(Dataset extract)
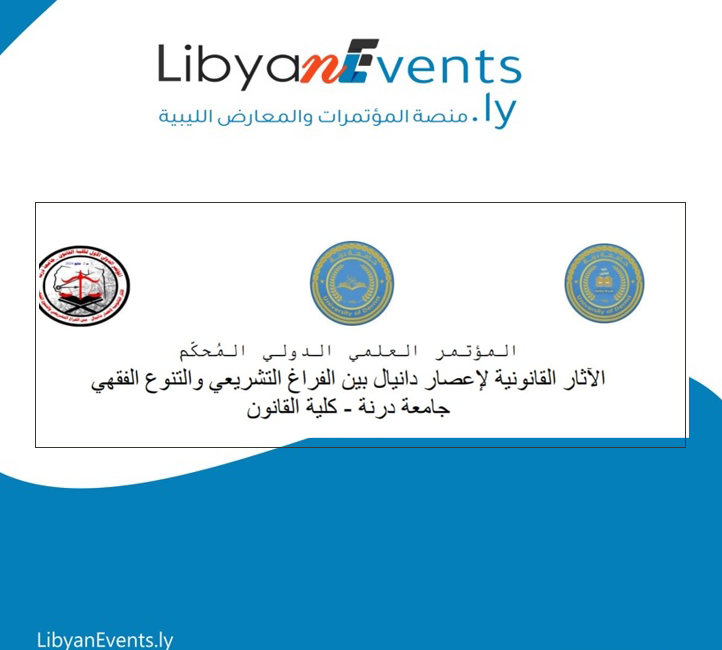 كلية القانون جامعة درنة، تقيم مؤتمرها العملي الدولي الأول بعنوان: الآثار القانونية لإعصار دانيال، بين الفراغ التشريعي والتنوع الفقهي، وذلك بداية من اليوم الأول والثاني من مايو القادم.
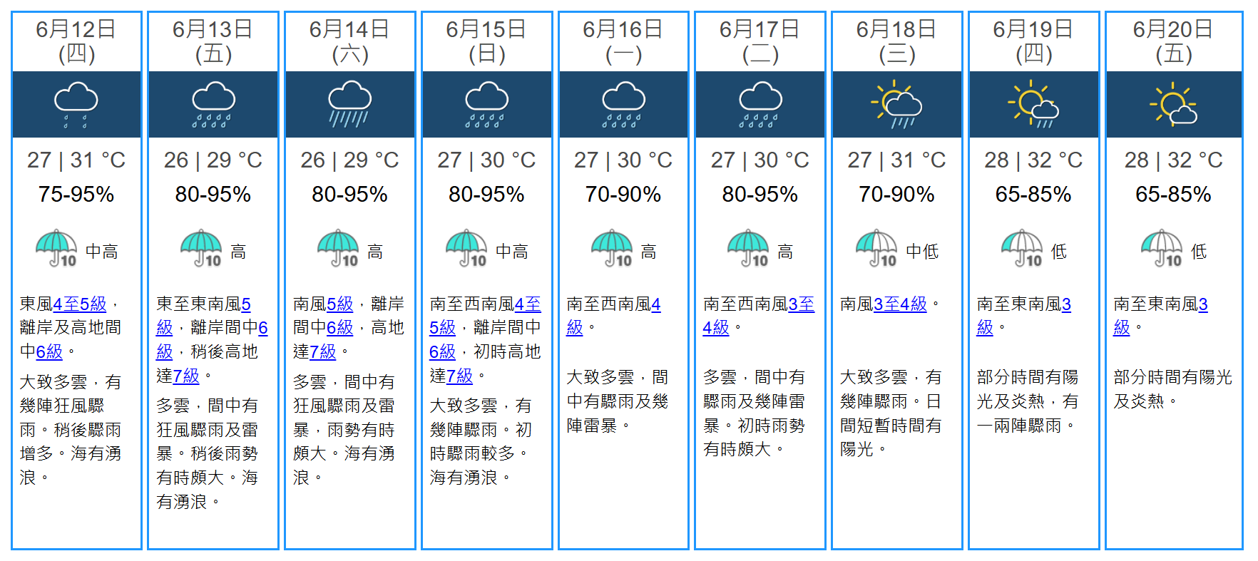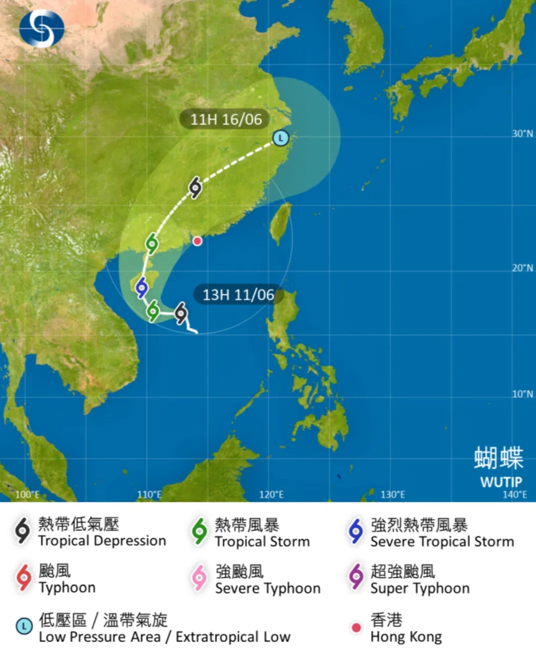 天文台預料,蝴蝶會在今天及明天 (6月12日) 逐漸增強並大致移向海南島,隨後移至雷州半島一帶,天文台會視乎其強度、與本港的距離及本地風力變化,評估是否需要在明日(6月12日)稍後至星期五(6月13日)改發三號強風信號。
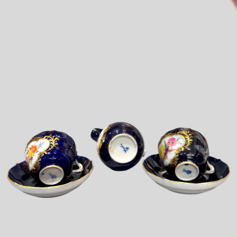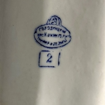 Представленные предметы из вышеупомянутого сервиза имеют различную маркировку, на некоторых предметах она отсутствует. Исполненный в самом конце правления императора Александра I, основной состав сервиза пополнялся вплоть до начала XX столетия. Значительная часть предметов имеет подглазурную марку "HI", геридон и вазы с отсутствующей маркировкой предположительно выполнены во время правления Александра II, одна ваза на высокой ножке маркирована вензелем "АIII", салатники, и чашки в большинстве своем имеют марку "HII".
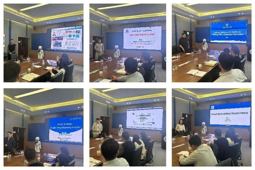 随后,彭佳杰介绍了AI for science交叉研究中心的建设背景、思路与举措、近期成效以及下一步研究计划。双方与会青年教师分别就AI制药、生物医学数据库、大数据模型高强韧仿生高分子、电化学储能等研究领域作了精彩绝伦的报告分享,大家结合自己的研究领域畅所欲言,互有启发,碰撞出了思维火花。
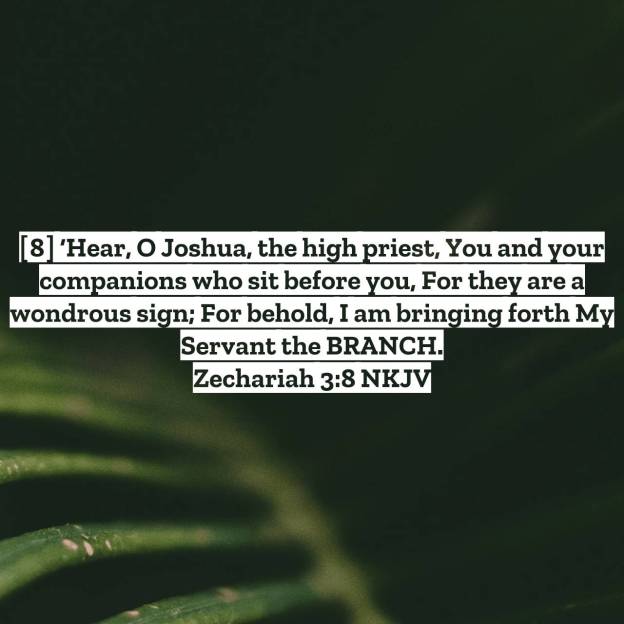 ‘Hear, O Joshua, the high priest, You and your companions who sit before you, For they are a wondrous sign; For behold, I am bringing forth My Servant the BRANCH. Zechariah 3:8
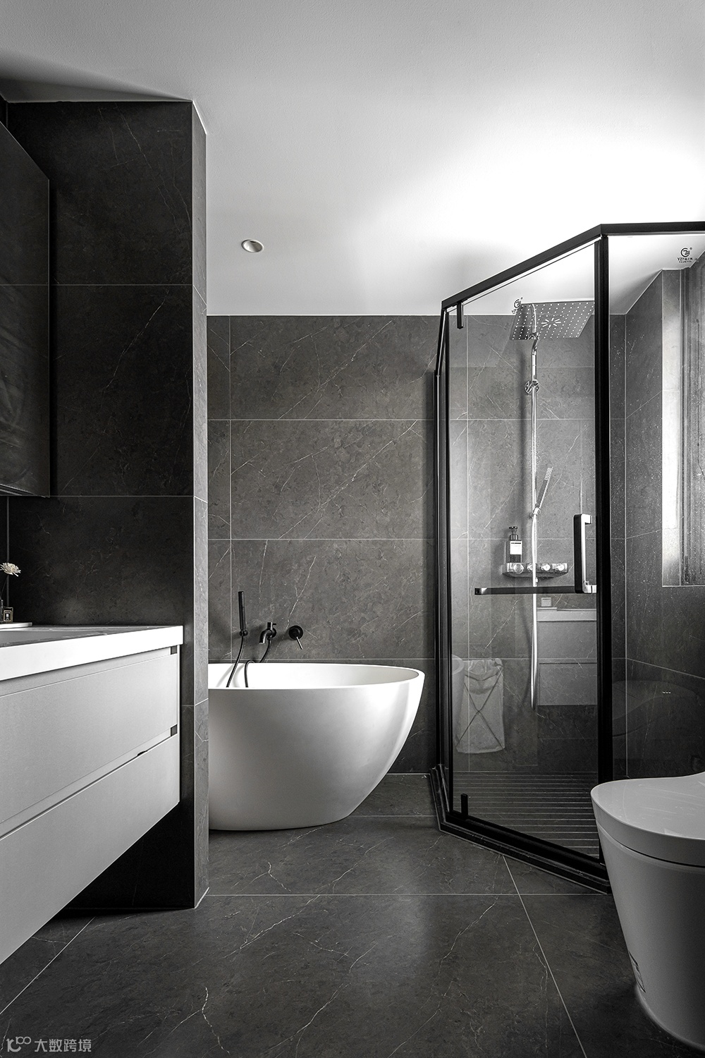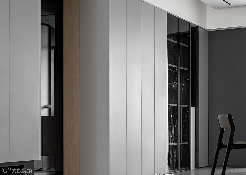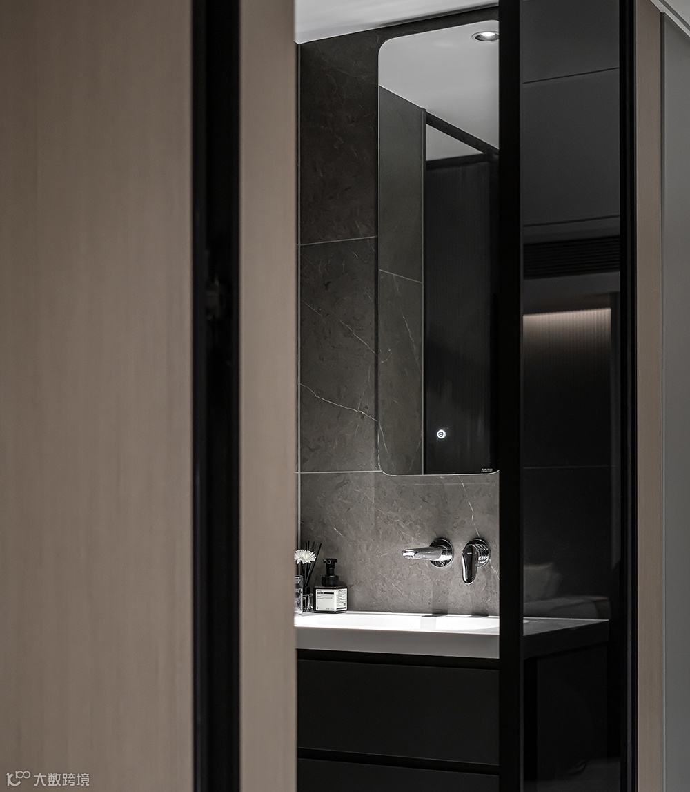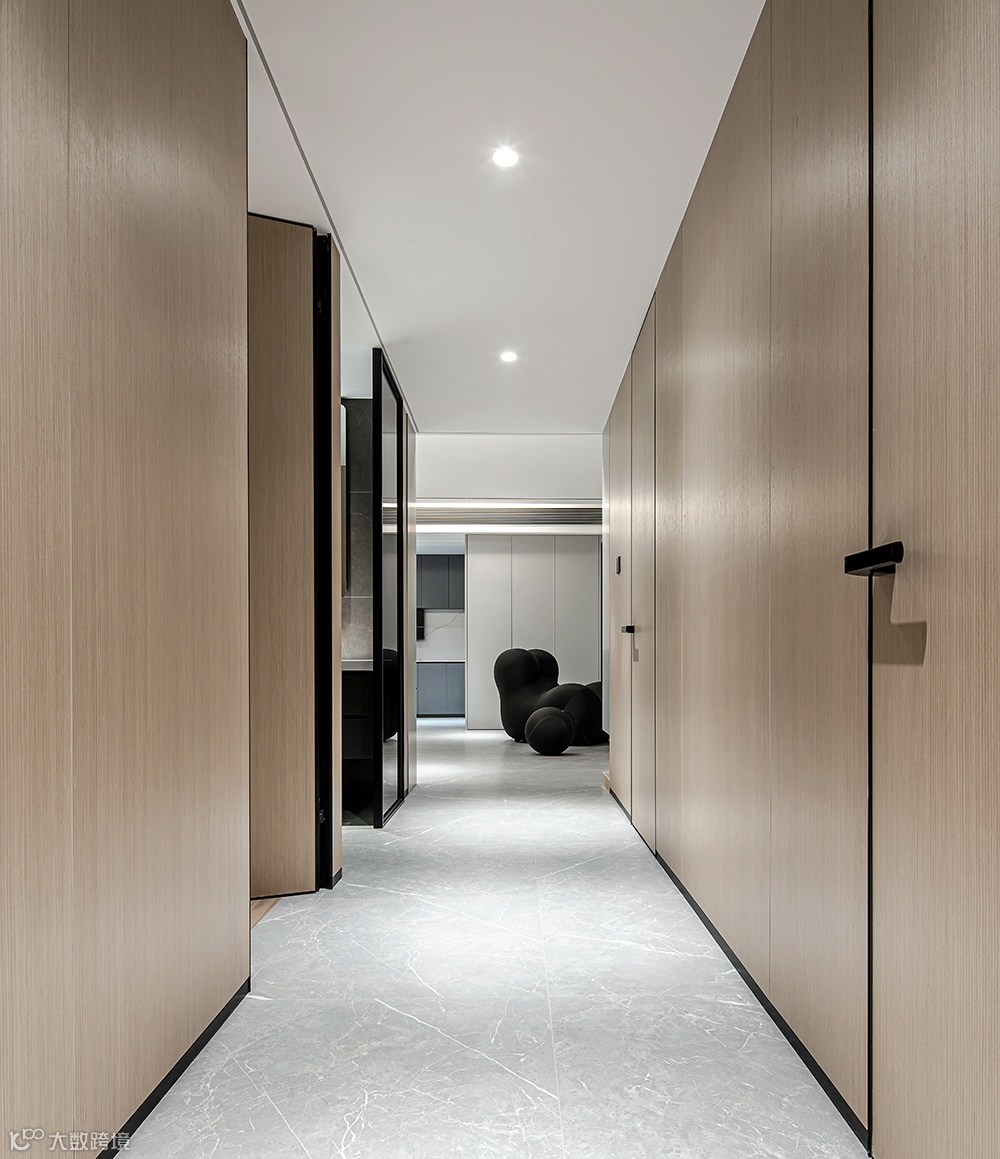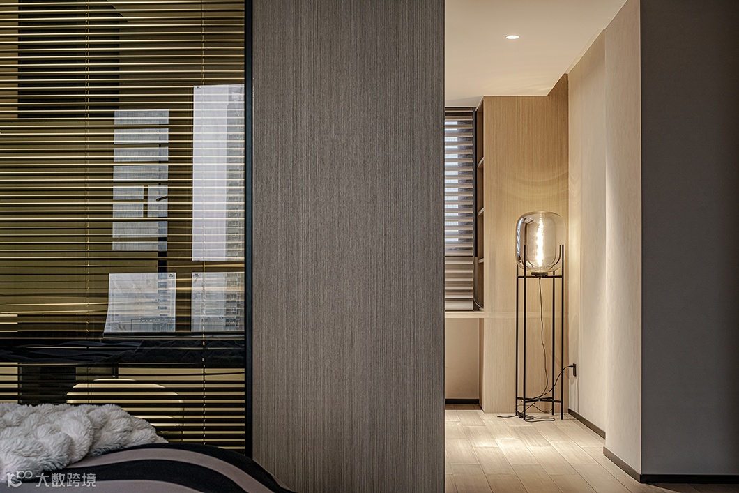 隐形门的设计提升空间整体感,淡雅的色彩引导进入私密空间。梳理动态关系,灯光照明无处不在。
(End Dataset extract)
*Assigned task:* Excluding the pictures, output every entry above without alteration.

*Answer to this task:*
 كلية القانون جامعة درنة، تقيم مؤتمرها العملي الدولي الأول بعنوان: الآثار القانونية لإعصار دانيال، بين الفراغ التشريعي والتنوع الفقهي، وذلك بداية من اليوم الأول والثاني من مايو القادم.
 天文台預料,蝴蝶會在今天及明天 (6月12日) 逐漸增強並大致移向海南島,隨後移至雷州半島一帶,天文台會視乎其強度、與本港的距離及本地風力變化,評估是否需要在明日(6月12日)稍後至星期五(6月13日)改發三號強風信號。
 Представленные предметы из вышеупомянутого сервиза имеют различную маркировку, на некоторых предметах она отсутствует. Исполненный в самом конце правления императора Александра I, основной состав сервиза пополнялся вплоть до начала XX столетия. Значительная часть предметов имеет подглазурную марку "HI", геридон и вазы с отсутствующей маркировкой предположительно выполнены во время правления Александра II, одна ваза на высокой ножке маркирована вензелем "АIII", салатники, и чашки в большинстве своем имеют марку "HII".
 随后,彭佳杰介绍了AI for science交叉研究中心的建设背景、思路与举措、近期成效以及下一步研究计划。双方与会青年教师分别就AI制药、生物医学数据库、大数据模型高强韧仿生高分子、电化学储能等研究领域作了精彩绝伦的报告分享,大家结合自己的研究领域畅所欲言,互有启发,碰撞出了思维火花。
 ‘Hear, O Joshua, the high priest, You and your companions who sit before you, For they are a wondrous sign; For behold, I am bringing forth My Servant the BRANCH. Zechariah 3:8
 隐形门的设计提升空间整体感,淡雅的色彩引导进入私密空间。梳理动态关系,灯光照明无处不在。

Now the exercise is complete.